Sorry, you are right. I printed a small part of it, should be something like this:

['Bob', 'John', 'Arnold']
['CL185', 'CL203', 'CL192', 'CL211', 'Cap_2', 'CL472', 'CL236', 'CL269', 'CL222', 'CL216', 'CL65', 'CL235', 'CL350', 'CL306', 'CL442', 'CL430', 'CL201', 'Smith_4', 'CL459', 'CL177', 'CL478', 'CL171', 'CL94', 'CL274', 'James_3', 'CL398', 'CL50', 'CL1', 'CL248', 'CL389', 'CL254', 'CL301', 'CL394', 'CL411', 'CL133', 'CL265', 'CL377', 'CL368', 'CL69', 'CL386', 'CL104', 'James_4', 'Smith_2']

1
Entering edit mode

Since there isn't a 1:1 relationship between the LIBRARIES and SAMPLES you'll either need to use something other than glob_wildcards or modify the results such that the number of libraries matches the number of samples (you'd repeat the libraries so the lists make sense together).
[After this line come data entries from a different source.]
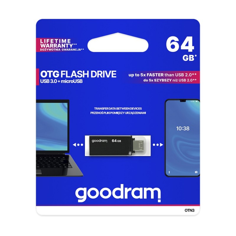 A Pen Drive GoodRam 64Gb OTN3 USB 3.0 + Micro Usbl pode ser usado para armazenamento externo com diferentes dispositivos móveis. Esta pequena unidade flash está equipada com o USB 3.0, de um lado, e o microUSB OTG (On-The-Go), do outro. A função OTG USB permite transferir dados entre um PC tradicional e dispositivos móveis, como smartphones ou tablets. No entanto, o importante é que o dispositivo suporta a função OTG. A forma em miniatura do OTN3 permite conectá-lo a chaves, ou levar no bolso ou na carteira facilitando a partilha de dados.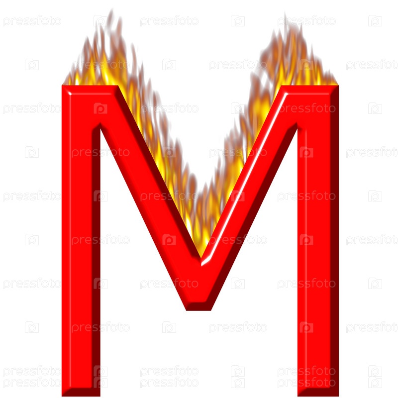 3D буква M в огне на белом фоне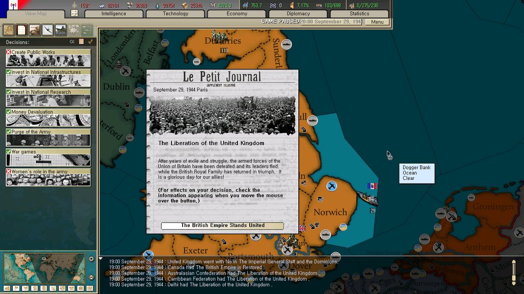 수년에 걸친 탈출과 투쟁 끝에 우리의 군대는 브리튼 연합을 패퇴 시켰으며 그들 지도자는 도망쳤습니다. 영국 왕실은 환희 속에서 복귀하였습니다. 오늘은 우리 동맹들에 영광스러운 날입니다!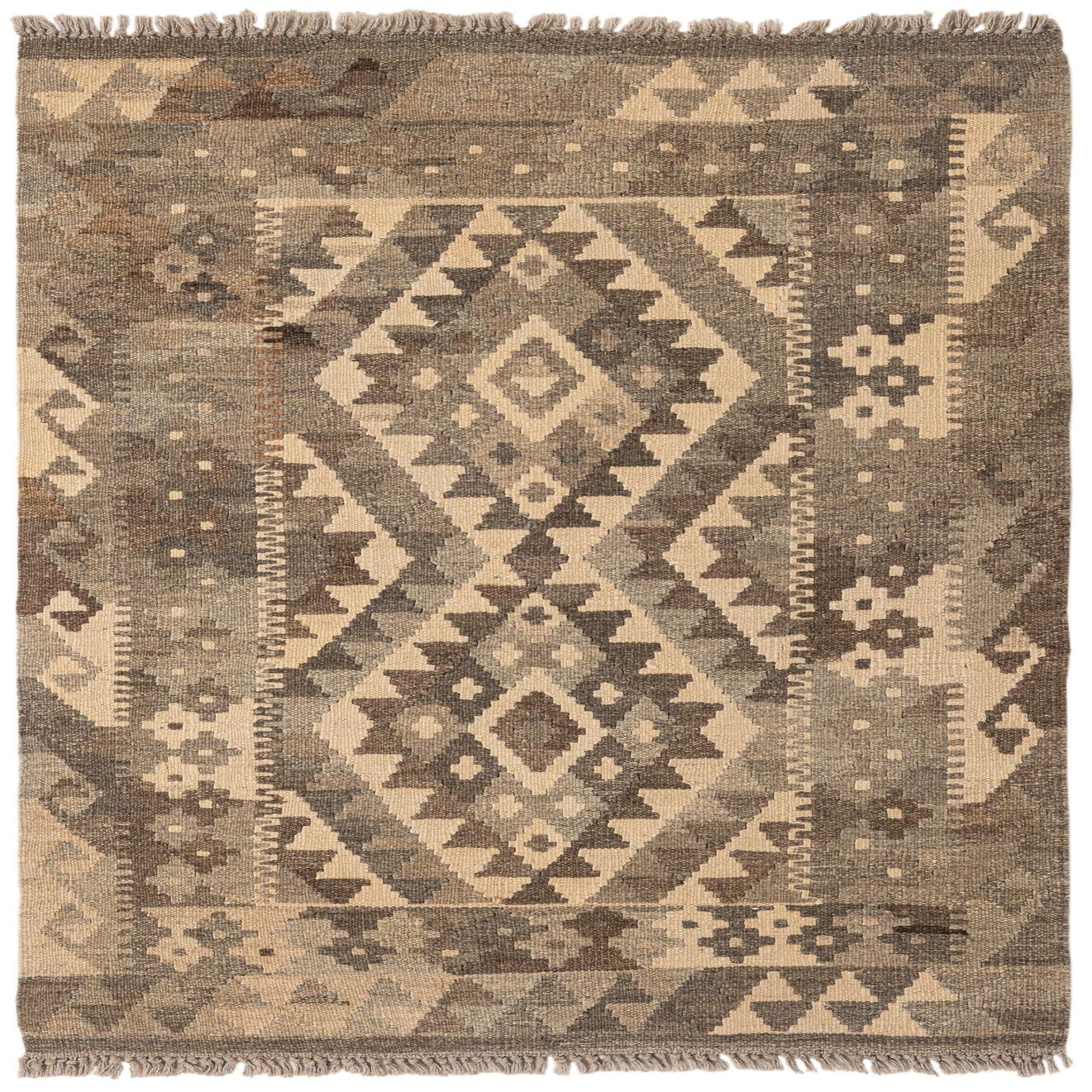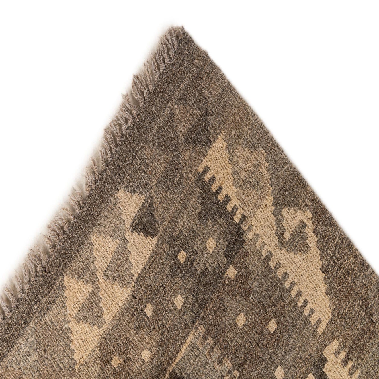 A 3x4 rectangular Kilim Maymana rug featuring a tribal geometric pattern in varying shades of gray and beige, with a flatweave texture.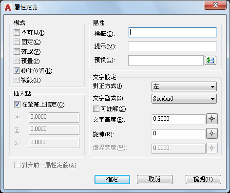 設定屬性文字的對正方式、型式、高度以及旋轉角度。

You may want to restrict the pattern matching in outf so that LIBRARIES can only match Bob, John, and Arnold. That should solve the remaining issues.

0
Entering edit mode

0
Entering edit mode

Here is a place to start with pattern matching in snakemake (and python more generally).

0
Entering edit mode

1
Entering edit mode
0
Entering edit mode

so I just put - instead of _ between the LIBRARIES and SAMPLES in the output file, so it does not confuse.. seems to be working.